By 2018 Bad Bunny was already an icon in the Latin urban music scene with the success of Cardi B’s song “I like it”, in which he collaborated alongside his friend J Balvin. The following year he released “Oasis”, an 8-song album in collaboration with the Colombian.
That same year, the protest song “Sharpening Knives,” written by Bad Bunny himself alongside Resident, was released during protests against Puerto Rican Governor Ricardo Roussillon. The song garnered 2.5 million views on YouTube the same day it was released.
And after two years bombarding with singles for mass cyber consumption and collaborating with figures like Jlo, Drake or Pharrell Williams he released, without warning, and in the middle of Christmas Eve 2018, his first album, “X100pre”.
The album was very well received by his fans and the American media who released flattering headlines after its release.
“Bad Bunny broke boundaries in 2018. His debut drops more,” Jon Camarica wrote in The New York Times. Elias Leight wrote to Rolling Stone magazine: “Bad Bunny was a master on the hit single. With ‘X100pre’ he arrives as an album artist.” But it was Chris Richards, in the Washington Post, who was most excited to be seen: “Bad Bunny has released the best album of 2019 before even the year begins.”
But certainly the year of consecration of Bad Bunny has been 2020, which started with the release of his second album “YHLQMDLG” (I Do What Gives Me The Win), the most listened to of the year on Spotify with 3.3 billion views.
He sang in the middle of the Super Bowl, a show that airs during the most televised sporting event in the world. On stage, in the band of Shakira, Jennifer Lopez and J Balvin, the Puerto Rican made it clear that he leads the new generation of Spanish-speaking urban music artists whom he calls the “Latin gang.”

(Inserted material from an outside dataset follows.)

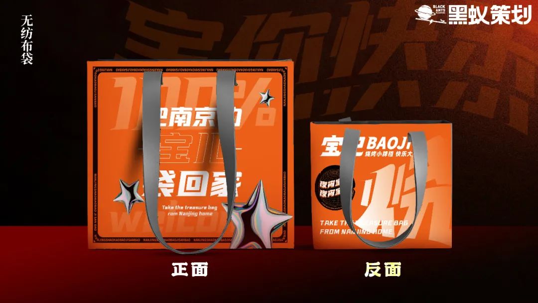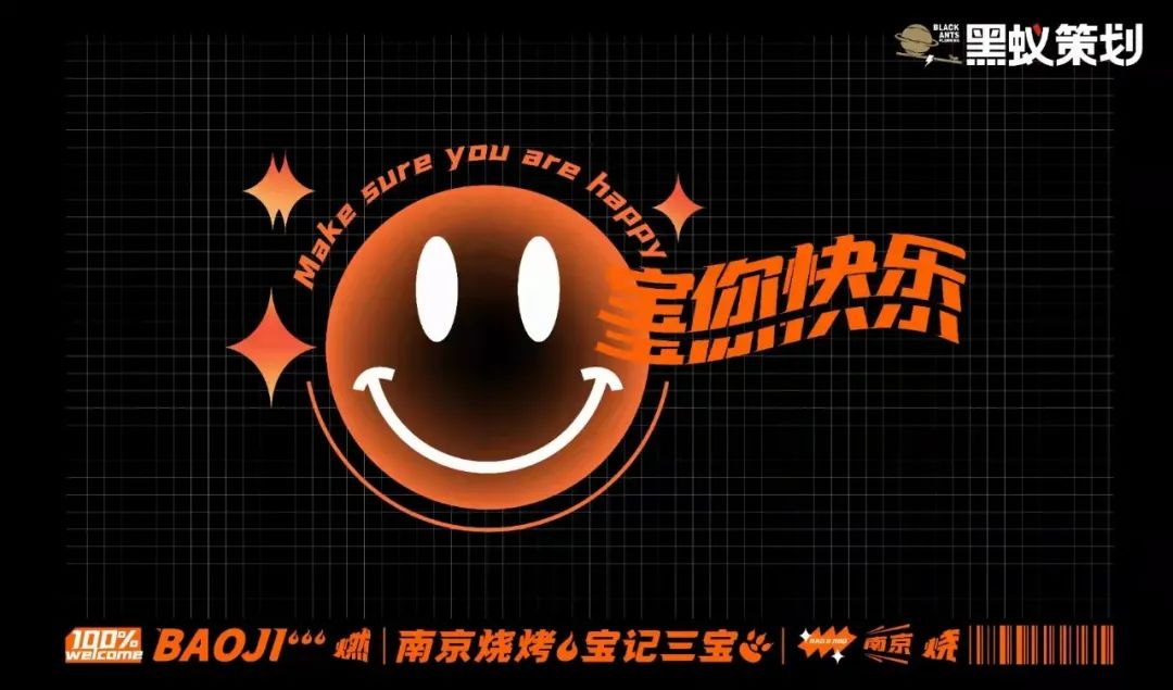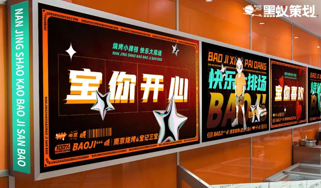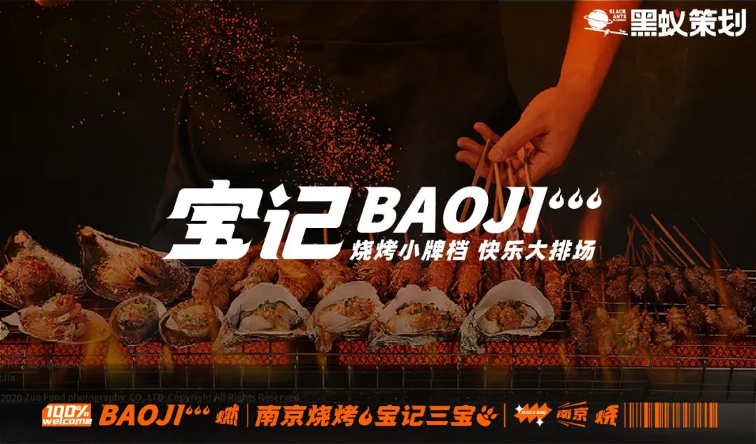 产品诉求:打造产品特色形成品牌特色,将“宝记三宝”与南京烧烤的代表作链接,并推出卤味、烧烤、酒水、小吃贯穿的产品线,丰富的产品与对应的场景使消费者形成沉浸式吃喝玩乐的体验

Then, in the midst of the pandemic, he pulled out the leftover songs from “YHLQMDLG” and just released his fourth album, “The Last Tour of the World,” with which he raised speculation about his retirement from the music after a year of glory and awards.
Not only that, he also sang live on his social media, of which he disappeared for three months to reappear with a mustache, a “look” completely different from his usual shaved, and with his ballot in hand encouraging young people to go out to vote.
In the fall and with the concerts canceled by the coronavirus, he was seen riding and singing in a truck in the shape of a train car, which crossed the streets of New York. He received the Composer of the Year 2020 award from the American music association ASCAP and Netflix announced that the reggaeton player will venture into acting with a role in the series “Narcos: Mexico”.
This Latin trap singer moves masses. His videos have millions of views on Youtube, millions of followers on Spotify and millions of young people looking for and imitating him. He is a controversial character who knew how to take advantage of the rise of reggaeton and Latin trap in the United States and now positions him as the most listened to artist globally.